65 Kreative Ideen, wie Sie Ihre Mitarbeiter belohnen können
  • Markenkleidung / Design.
  • Spotify Premium- oder Apple Music-Abonnement.
  • Buch des Monats.
  • Wohltätige Spenden.
  • 7. “
  • Kaffee-Mitgliedschaften.
  • Festgelegtes "Spaß"-Budget.
  • Website oder Newsletter-Funktion 🚫💰
  • Weitere Einträge20.11.2020

    19. Wie erkenne ich einen guten Mitarbeiter?

    10 Merkmale, an denen man die besten Mitarbeiter:innen erkennt
  • Sie können auf Anerkennung und Belohnung warten.
  • Sie können Konflikte aushalten.
  • Sie fokussieren.
  • Sie sind auf vernünftige Art und Weise mutig.
  • Sie haben ihr Ego unter Kontrolle.
  • Sie wollen sich immer weiter verbessern.
  • Weitere Einträge09.04.2022

    20. Wie erkennt man einen guten Mitarbeiter?

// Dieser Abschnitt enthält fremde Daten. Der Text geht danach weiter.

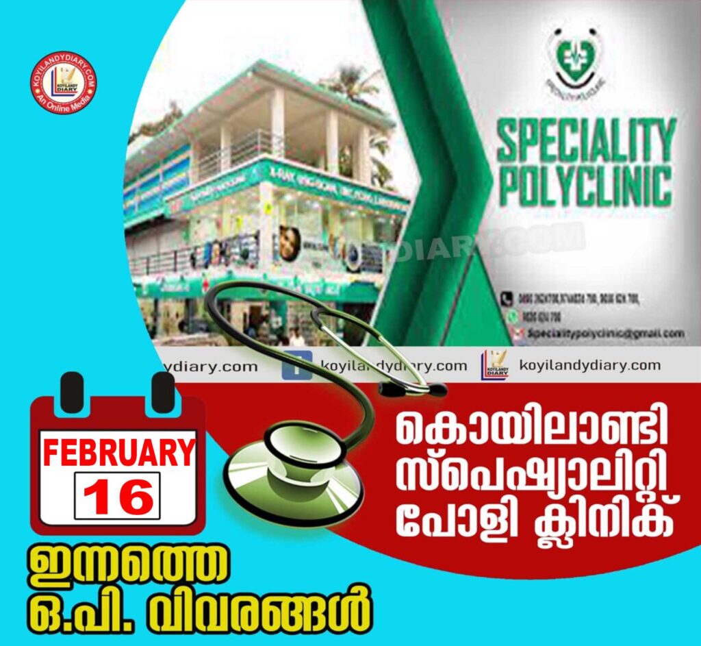 കൊയിലാണ്ടി സ്പെഷ്യാലിറ്റി പോളിക്ലിനിക്കിൽ ഫെബ്രുവരി 16 തിങ്കളാഴ്ച പ്രവർത്തിക്കുന്ന ഒപികളും ഡോക്ടർമാരും സേവനങ്ങളും.

    Was ein guter Mitarbeiter ist, weiß fast jeder: Er ist zuverlässig, arbeitet hart, besitzt Führungsqualitäten und ist ein Teamplayer.13.09.2020

    21. Was sind die besten Mitarbeiter?

    Es sind vor allem jene, die sich durch Förderung und Weiterentwicklung, durch das Fördern von Talenten und durch Leistungsziele motivieren lassen, also Mitarbeiter mit intrinsischer Motivation. Damit werden auch wichtige Ziele der Mitarbeitermotivation wie Leistung und Produktivität angepeilt.04.05.2021

    22. Was ist schwierig an schwierigen Mitarbeitern?

    Schwierige Mitarbeiter sind oft respektlose Mitarbeiter Wenn Mitarbeiter respektlos gegenüber Vorgesetzten sind, kann sie das aus deren Sicht schwierig machen. Der Mitarbeiter akzeptiert dann häufig den Vorgesetzten nicht – und scheut sich auch nicht, das deutlich zu zeigen.

    23. Wie erkennt man unzufriedene Mitarbeiter?

    Anzeichen beachten und unzufriedene Mitarbeiter erkennen meckert viel und zeigt sich permanent unzufrieden. fällt mit negativen Kommentaren gegenüber Kollegen und Führungskräften auf. verbreitet eine schlechte Stimmung im Team. trägt keine konstruktiven Vorschläge bei und verhält sich destruktiv.22.10.2020

    24. Wie steigere ich die Motivation der Mitarbeiter?

    Man kann Mitarbeiter motivieren, indem man sie antreibt, gute Leistungen zu bringen.Generelle Wege Mitarbeiter zu motivieren
  • Zeigen Sie Interesse.
  • Wertschätzen Sie.
  • Bitten Sie um Rat.
  • Zeigen Sie Dankbarkeit.
  • Revanchieren Sie sich.
  • Überraschen Sie.
  • Suchen Sie ein gemeinsames Ziel.
  • Seien Sie sich treu.
  • Weitere Einträge

    25. Was ist wichtig für Mitarbeiter?

    In einer aktuellen Studie der ZEIT nannten über 80 Prozent der befragten Arbeitnehmer als wichtigsten Aspekt ihrer Arbeit, sich dort wohlzufühlen.